Records from a data collection:
"""
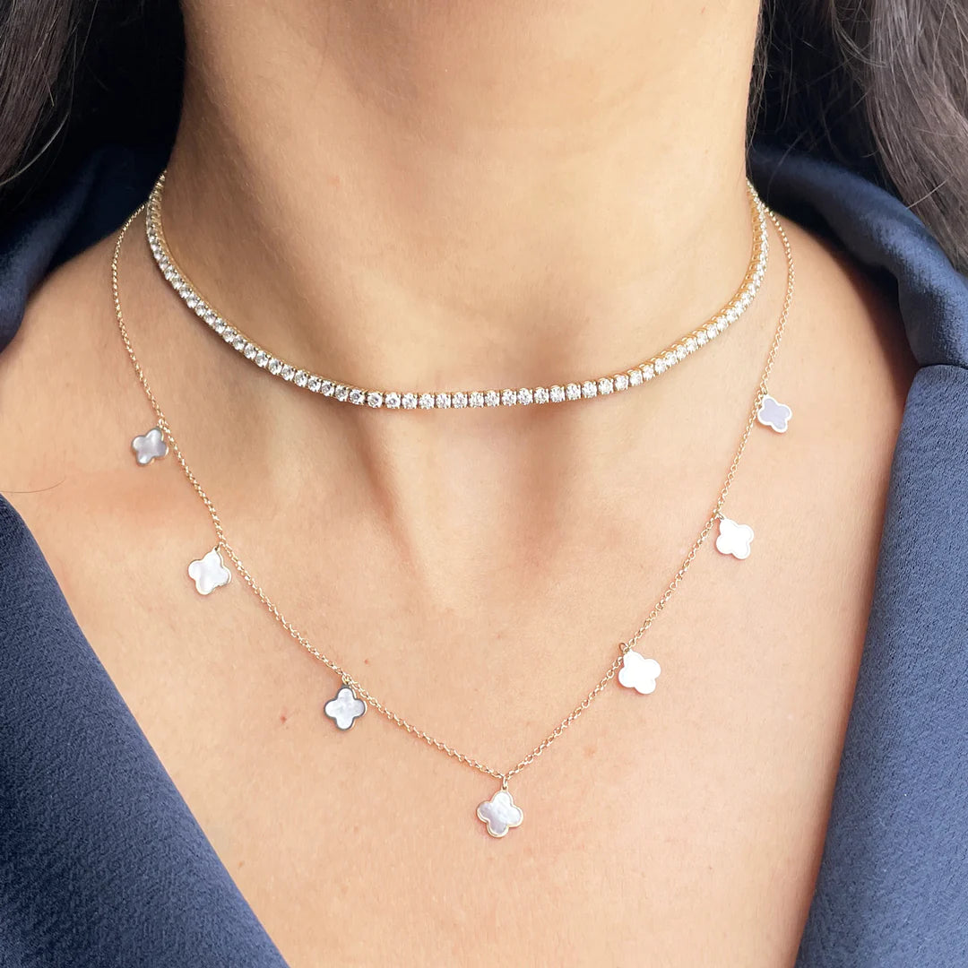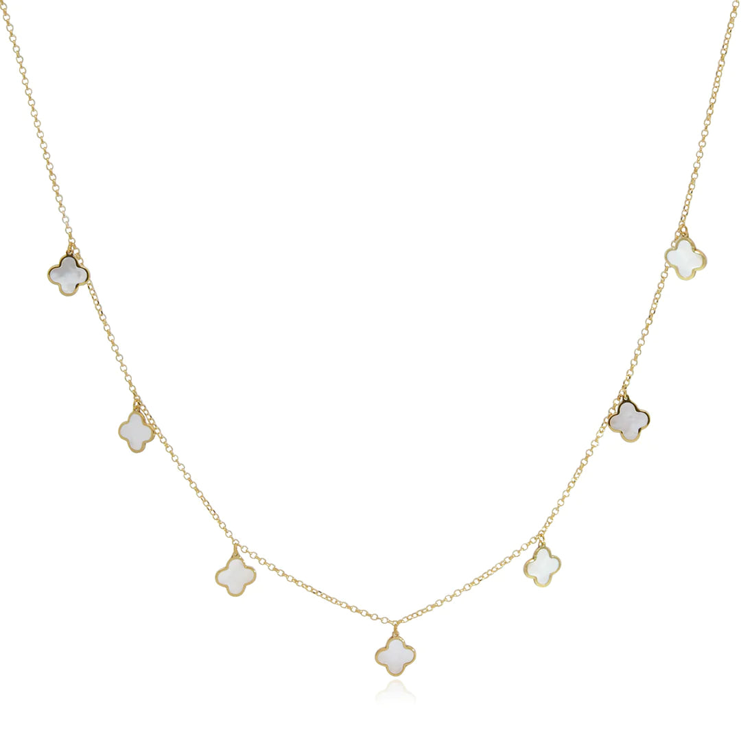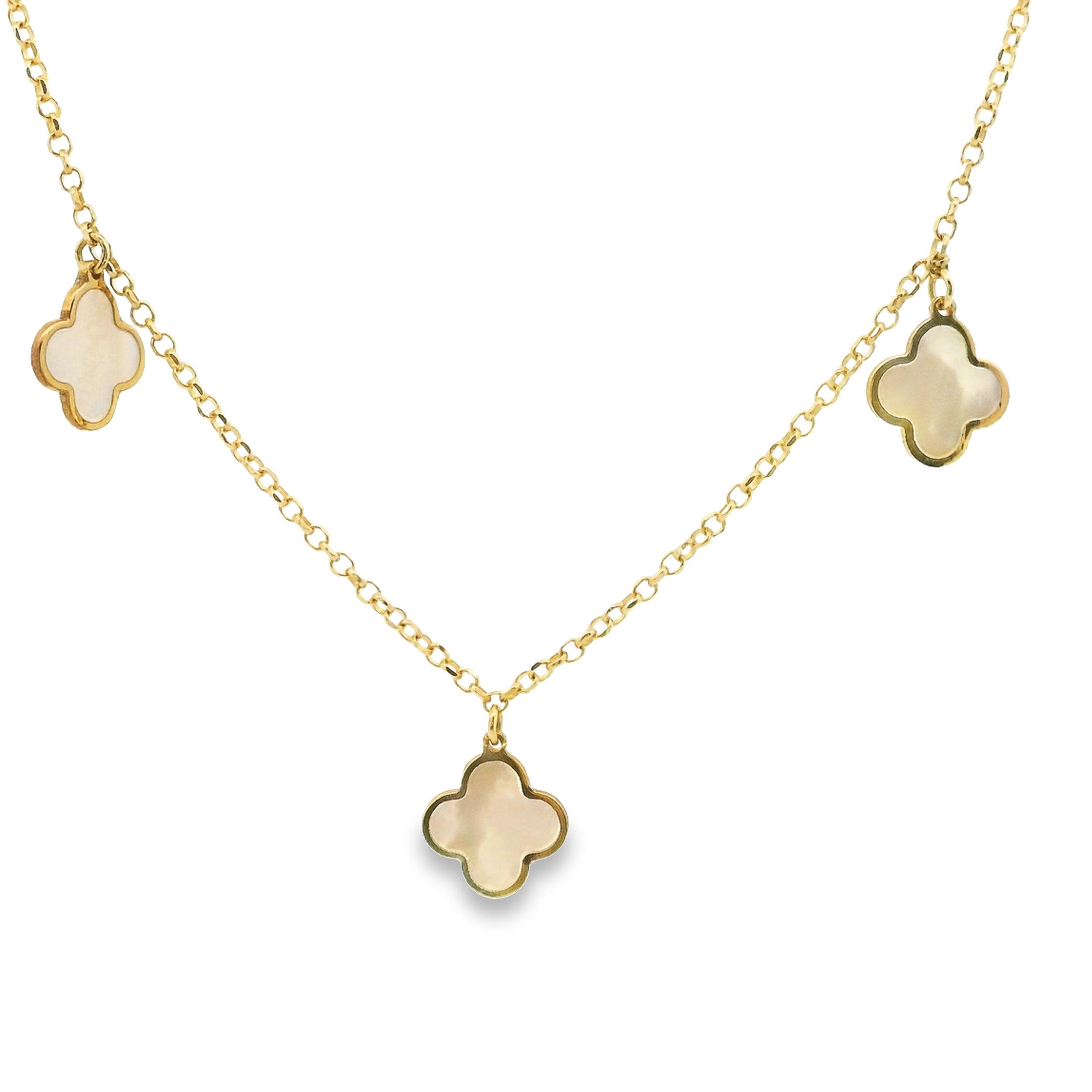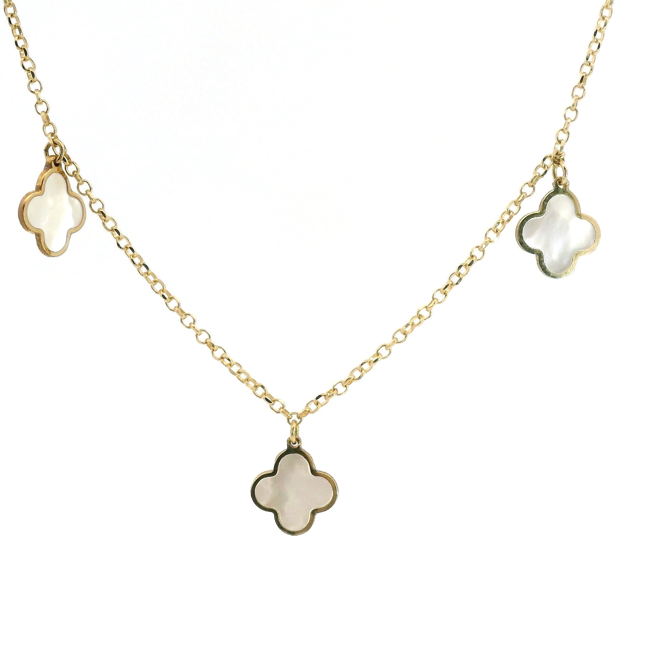 Collar en oro amarillo 14k con mini clovers colgantes en madre perla.
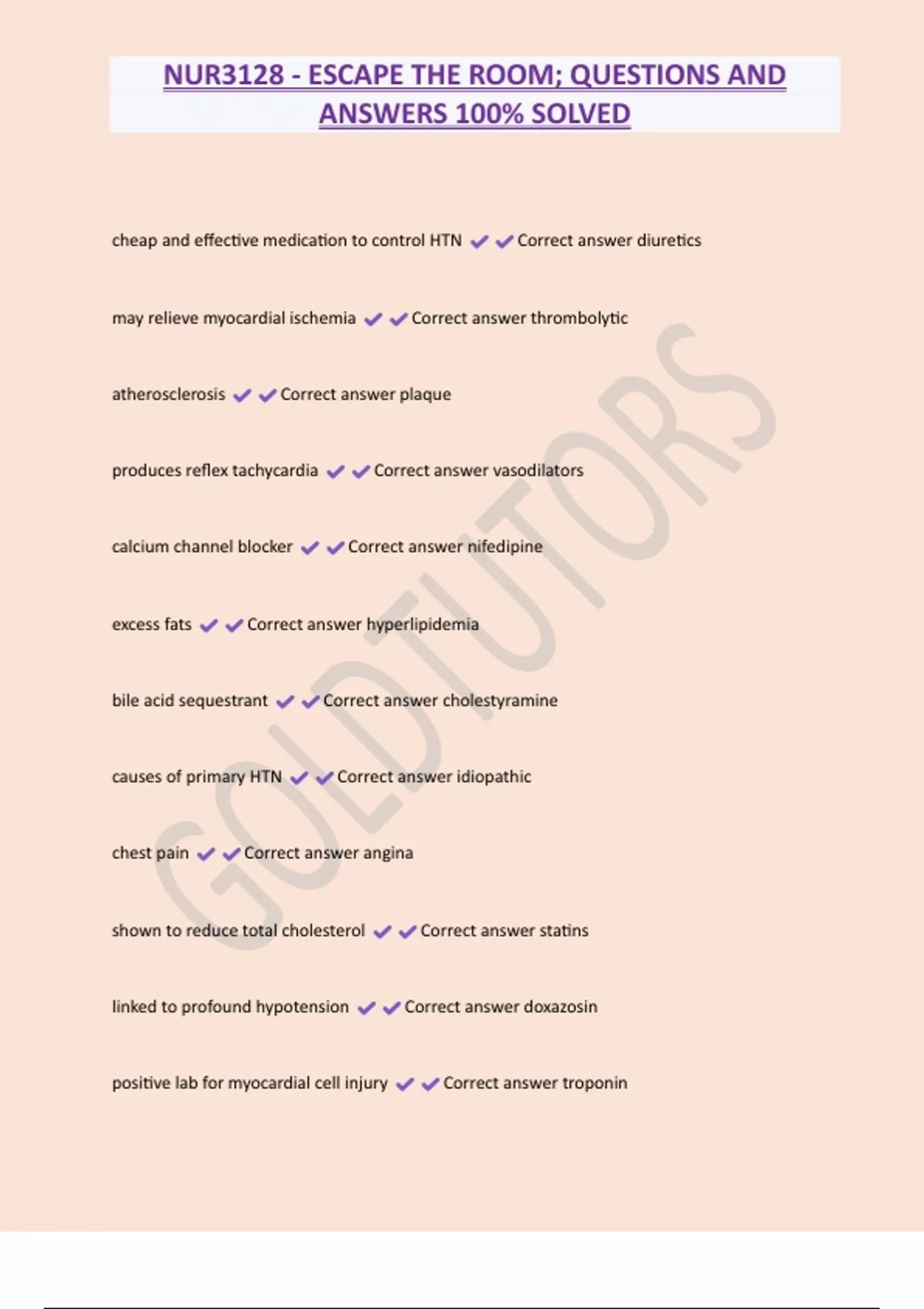 NUR3128 - ESCAPE THE ROOM; QUESTIONS AND ANSWERS 100% SOLVED cheap and effective medication to control HTN Correct answer diuretics may relieve myocardial ischemia Correct answer thrombolytic atherosclerosis Correct answer plaque produces reflex tachycardia Correct answer vasodilators calcium channel blocker Correct answer nifedipine excess fats Correct answer hyperlipidemi
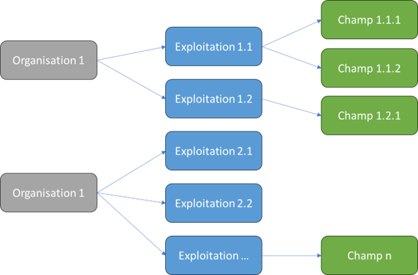 - Qu’est-ce qu’une exploitation ? Une exploitation est la représentation numérique de votre exploitation agricole, où vous pouvez enregistrer, définir et gérer vos parcelles. Une exploitation fait partie d'une structure aussi nommée organisation. Une organisation peut avoir plusieurs exploitations gérées selon des directives similaires.
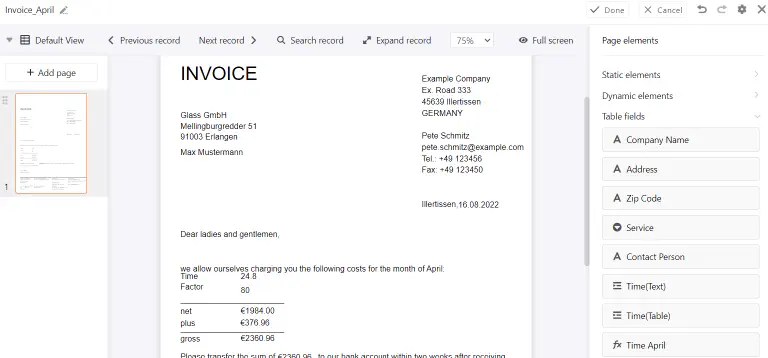 Com a ajuda do plug-in de design de páginas, pode criar o layout de documentos como cartas de formulário, cartões de visita e certificados e preenchê-los com os dados da sua tabela. Mais precisamente, pode criar layouts com elementos estáticos que são complementados e individualizados por elementos dinâmicos e campos de tabela. Estes oferecem-lhe a grande vantagem de, dependendo do registo de dados, inserirem todas as informações relacionadas (por exemplo, o nome de uma pessoa, a morada e o cargo) em modelos normalizados, sem que tenha de copiar manualmente os dados para os documentos. Desta forma, pode criar facturas prontas a imprimir, certificados ou outros documentos importantes a partir dos dados armazenados com apenas alguns cliques.
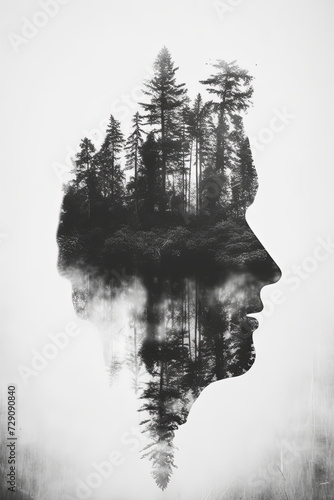 Silhouette of a Soul: Contrast of a Singular Expression and Natures Majesty, double exposure portrait of serene face of a person amidst backdrop of majestic trees.
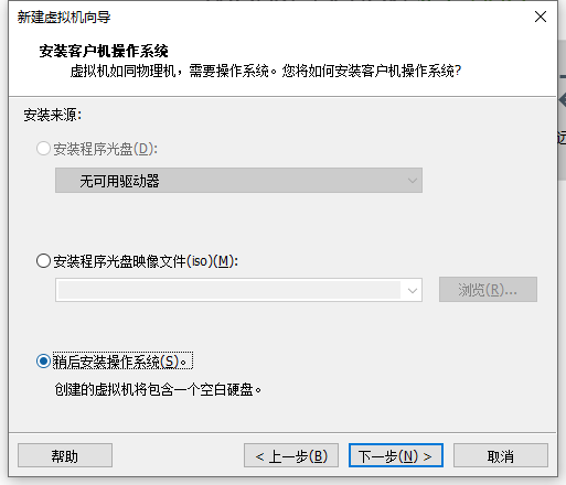 (3) 选择“稍后安装操作系统”并继续下一步。
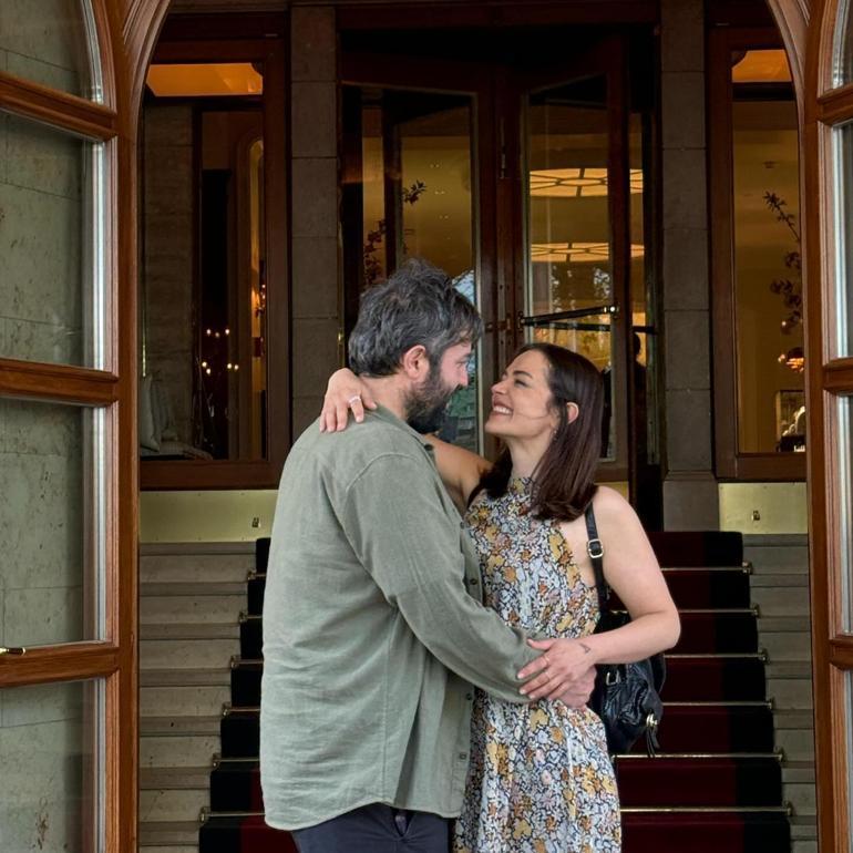 Romantik anlar yaşayan ikiliden ünlü oyuncu, yayınladığı fotoğraflara ”Eveeeeet, 27 Nisan 2025′ notunu düştü.
"""
REQUIRED ACTION ::
What is needed is an exact copy of the data, without any pictures.

EXPECTED ANSWER ::
 Collar en oro amarillo 14k con mini clovers colgantes en madre perla.
 NUR3128 - ESCAPE THE ROOM; QUESTIONS AND ANSWERS 100% SOLVED cheap and effective medication to control HTN Correct answer diuretics may relieve myocardial ischemia Correct answer thrombolytic atherosclerosis Correct answer plaque produces reflex tachycardia Correct answer vasodilators calcium channel blocker Correct answer nifedipine excess fats Correct answer hyperlipidemi
 - Qu’est-ce qu’une exploitation ? Une exploitation est la représentation numérique de votre exploitation agricole, où vous pouvez enregistrer, définir et gérer vos parcelles. Une exploitation fait partie d'une structure aussi nommée organisation. Une organisation peut avoir plusieurs exploitations gérées selon des directives similaires.
 Com a ajuda do plug-in de design de páginas, pode criar o layout de documentos como cartas de formulário, cartões de visita e certificados e preenchê-los com os dados da sua tabela. Mais precisamente, pode criar layouts com elementos estáticos que são complementados e individualizados por elementos dinâmicos e campos de tabela. Estes oferecem-lhe a grande vantagem de, dependendo do registo de dados, inserirem todas as informações relacionadas (por exemplo, o nome de uma pessoa, a morada e o cargo) em modelos normalizados, sem que tenha de copiar manualmente os dados para os documentos. Desta forma, pode criar facturas prontas a imprimir, certificados ou outros documentos importantes a partir dos dados armazenados com apenas alguns cliques.
 Silhouette of a Soul: Contrast of a Singular Expression and Natures Majesty, double exposure portrait of serene face of a person amidst backdrop of majestic trees.
 (3) 选择“稍后安装操作系统”并继续下一步。
 Romantik anlar yaşayan ikiliden ünlü oyuncu, yayınladığı fotoğraflara ”Eveeeeet, 27 Nisan 2025′ notunu düştü.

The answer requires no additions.